Metadata-Version: 2.4
Name: msh-cli
Version: 0.1.1
Summary: The Command Line Interface for the msh atomic data platform.
Author-email: Januka Peiris <jaypeiris91@gmail.com>
License: Business Source License 1.1 (BSL 1.1)
Requires-Python: >=3.11
Description-Content-Type: text/markdown
License-File: LICENSE.txt
Requires-Dist: click
Requires-Dist: pyyaml
Requires-Dist: msh-engine>=0.1.1
Requires-Dist: rich
Provides-Extra: polyglot
Requires-Dist: polars; extra == "polyglot"
Requires-Dist: pandas; extra == "polyglot"
Dynamic: license-file

# msh: The Atomic Data Engine

> **Stop gluing Python scripts to SQL files.** Define Ingestion, Transformation, and Lineage in a single, version-controlled asset.

[![License](https://img.shields.io/badge/License-BSL%201.1-blue.svg)](LICENSE)

## The Problem: Fragmented Data Stacks

In the modern data stack, your pipeline is fragmented:
*   **Ingestion** happens in one tool (Airbyte, Fivetran), often defined in UI or JSON.
*   **Transformation** happens in another (dbt, SQL), defined in `.sql` files.
*   **Orchestration** happens in a third (Airflow, Dagster), defined in Python.

This separation creates friction. Adding a new column requires touching three different systems. Debugging a failure requires tracing lineage across boundaries.

## The Solution: The Atomic Asset

**msh** unifies these steps into a single **Atomic Asset**. An `.msh` file defines *everything* about a data product: where it comes from, how it changes, and where it goes.

### Example: `models/orders.msh`

**Option 1: Direct Credentials (Fully Atomic)**
```yaml
name: orders

ingest:
  type: sql_database
  credentials: "postgresql://user:pass@prod-db.com/sales"
  table: "public.orders"

transform: |
  SELECT 
    id as order_id,
    customer_id,
    total_amount,
    created_at
  FROM {{ source }}
  WHERE status = 'completed'
```

**Option 2: Source References (DRY for Large Projects)**

Define sources once in `msh.yaml`:
```yaml
# msh.yaml
sources:
  - name: prod_db
    type: sql_database
    credentials: "${DB_PROD_CREDENTIALS}"  # Environment variable
    schema: public
    tables:
      - name: orders
        description: Customer orders table
      - name: customers
        description: Customer master data
  
  - name: jsonplaceholder
    type: rest_api
    endpoint: "https://jsonplaceholder.typicode.com"
    resources:
      - name: users
      - name: posts
```

Then reference in `.msh` files:
```yaml
# models/staging/stg_orders.msh
name: stg_orders
ingest:
  source: prod_db
  table: orders

transform: |
  SELECT * FROM {{ source }}
```

```yaml
# models/staging/stg_users.msh
name: stg_users
ingest:
  source: jsonplaceholder
  resource: users

transform: |
  SELECT id, name, email FROM {{ source }}
```

**Benefits:**
- ✅ **DRY**: Define credentials once, reference everywhere
- ✅ **Environment Variables**: Use `${VAR_NAME}` for sensitive credentials
- ✅ **Backward Compatible**: Direct credentials still work
- ✅ **dbt-style**: Familiar pattern for dbt users

## Key Capabilities

### ⚡ Smart Ingest
**Save API costs and storage.** msh parses your SQL transformation *before* running ingestion.

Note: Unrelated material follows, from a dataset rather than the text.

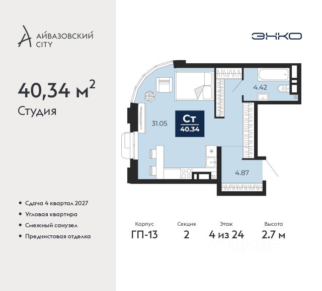 Продается 1-комн. студия с предчистовой отделкой в ЖК "Зарека" на 4 этаже. Общая площадь: 39.01 кв.м. Высота потолков 2.7 м. Дом монолитный, многоподъездный, переменной этажности, от 8 до 16 этажей. Квартира находится в 5-й секции высотой 16 этажей в корпусе 2-1. На этаже 6 квартир. В подъезде 1 пассажирский и 1 грузовой лифт. Окончание строительства - 2 квартал 2029 года. Оформление сделки по договору долевого участия. Студия в жилом районе "Зарека". Особенности планировки: гардеробная, предчистовая отделка. О доме Замкнутый квартал высотой 8 этажей с 16-ти этажной башней-доминантой и двором на стилобате двухуровневого паркинга. Дом 2.1 сочетает в себе приемы классической и современной архитектуры. Выразительность достигается благодаря симметричной композиции фасада, чередование массинга идет за счет эркеров и подрезок. Фасады первых этажей выполнены из клинкерного кирпича, выше - штукатурные. Акцентом на фасаде являются металлические импосты окон, темно-серого цвета, который будет контрастировать со светлыми оттенками самого фасада. квартиры в нашей базе: ЗРК02.1-Ж5.4.2. Проект На планировочную структуру "Зареки" повлияла близость к автомобильному мосту Челюскинцев. Мы расположили жилые здания так, чтобы они постепенно удалялись от проезжей части. Приём напоминает лесенку: чем сильнее мост возвышается над участком застройки, тем дальше по отношению к нему стоят дома. Этот ступенчатый сдвиг позволил нам сформировать буфер между кварталами и оживлённой магистралью. Мы намерены высадить здесь высокие деревья и создать дополнительную защиту от дорожных шума и пыли. В границах нашего участка мы намерены разместить школу и два встроенных детских сада на 135 и 150 мест. Общественные пространства С севера на юг территорию будет пронизывать пешеходный бульвар. Мы мыслим это общественное пространство как главный центр притяжения. На нём будут сосредоточены основные детские игровые и спортивные зоны, места для встреч и спокойного отдыха. Он также сыграет роль мостика, ведущего к другим нашим проектам — "Европейскому кварталу" и "Дому у озера". Одна из базовых идей мастер-плана касается береговой линии. Сегодня озеленение этой территории носит стихииныи характер, а прямому доступу к Туре препятствует дамба. Мы хотим благоустроить пространства у воды и открыть их для людей. Архитекторы спроектировали систему многоярусных троп и спусков к реке, смотровые площадки и места для активного отдыха и пикников. #Z6E52u

It detects exactly which columns you are selecting (`id`, `userId`, `title`) and instructs the ingestion engine to **only fetch those fields** from the API or Database.

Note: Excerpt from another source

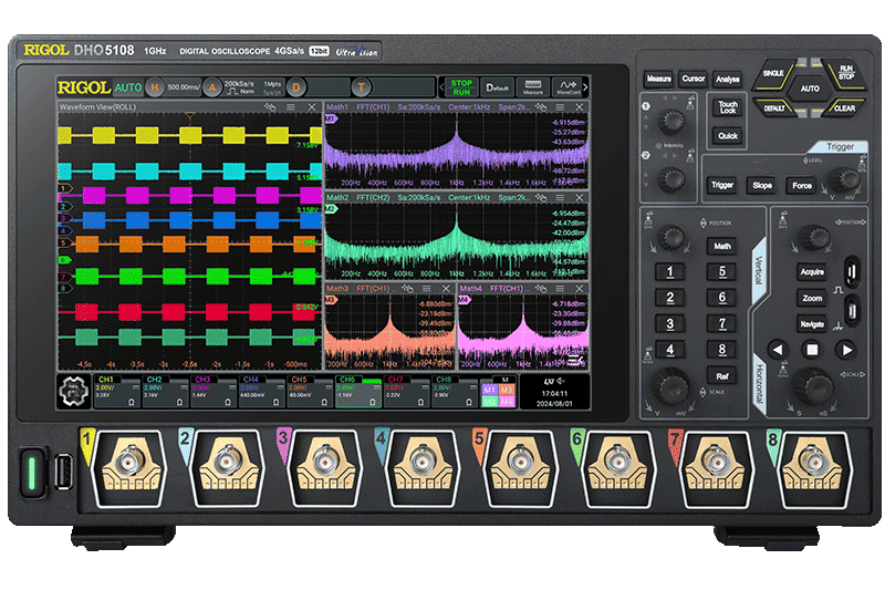 DHO5000系列高分辨率數(shù)字示波器單機8個模擬輸入通道,能夠有效應(yīng)對多通道測試需求。1GHz模擬帶寬,4GSa/s實時采樣,500 Mpts存儲深度、12 bit分辨率,足夠應(yīng)對多數(shù)嵌入式系統(tǒng)測試,并支持復(fù)雜波形的精確測試。

### 🔵/🟢 Blue/Green Deployment
**Zero downtime swaps.** Every run creates a new version of your tables (e.g., `raw_orders_a1b2`, `model_orders_a1b2`). The live view is only swapped (`CREATE OR REPLACE VIEW`) once the new version is fully built and tested. Your dashboards never break during a run.

### ↩️ Atomic Rollbacks
**Instant recovery.** Deployed a bug? No problem.
```bash
msh rollback orders
```
msh instantly swaps the view back to the previous successful version. No data needs to be re-processed.

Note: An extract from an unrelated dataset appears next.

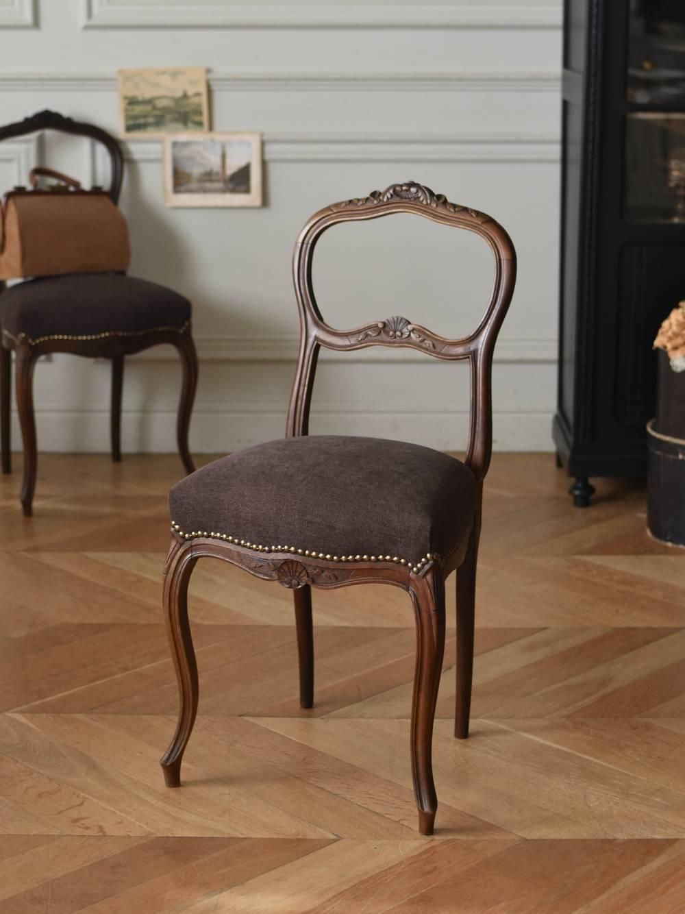 こっくりとしたブラウンカラーのフレームは上品な艶感で、しなやかな曲線を描くシルエットが優美な佇まい。シェルや植物などを模した細やかな彫り模様が散りばめられており、フランスらしいエレガントな空間演出に活躍してくれるデザインです。

### 🔌 Universal Connectivity
**The Full Data Lifecycle.** msh supports every flow your data needs:
*   **API to DB**: Ingest from REST/GraphQL APIs directly into your warehouse.
*   **DB to DB**: Replicate and transform data between databases (e.g., Postgres -> Snowflake).
*   **Reverse ETL**: Push transformed models back to operational systems (e.g., Snowflake -> Salesforce).

### 🚀 Publish Command
**Activate your data.** Push your transformed models to external systems with a single command.
```bash
msh publish orders --to salesforce
```

### 🔀 Git-Aware Development
**Isolated workspaces.** When working on different git branches, msh automatically creates isolated schemas. Developers can work simultaneously without conflicts. Production deployments always use standard schemas.

### ⚡ Bulk Operations
**Process multiple assets at once.** Run, rollback, and query multiple assets with a single command. Perfect for automation and CI/CD pipelines.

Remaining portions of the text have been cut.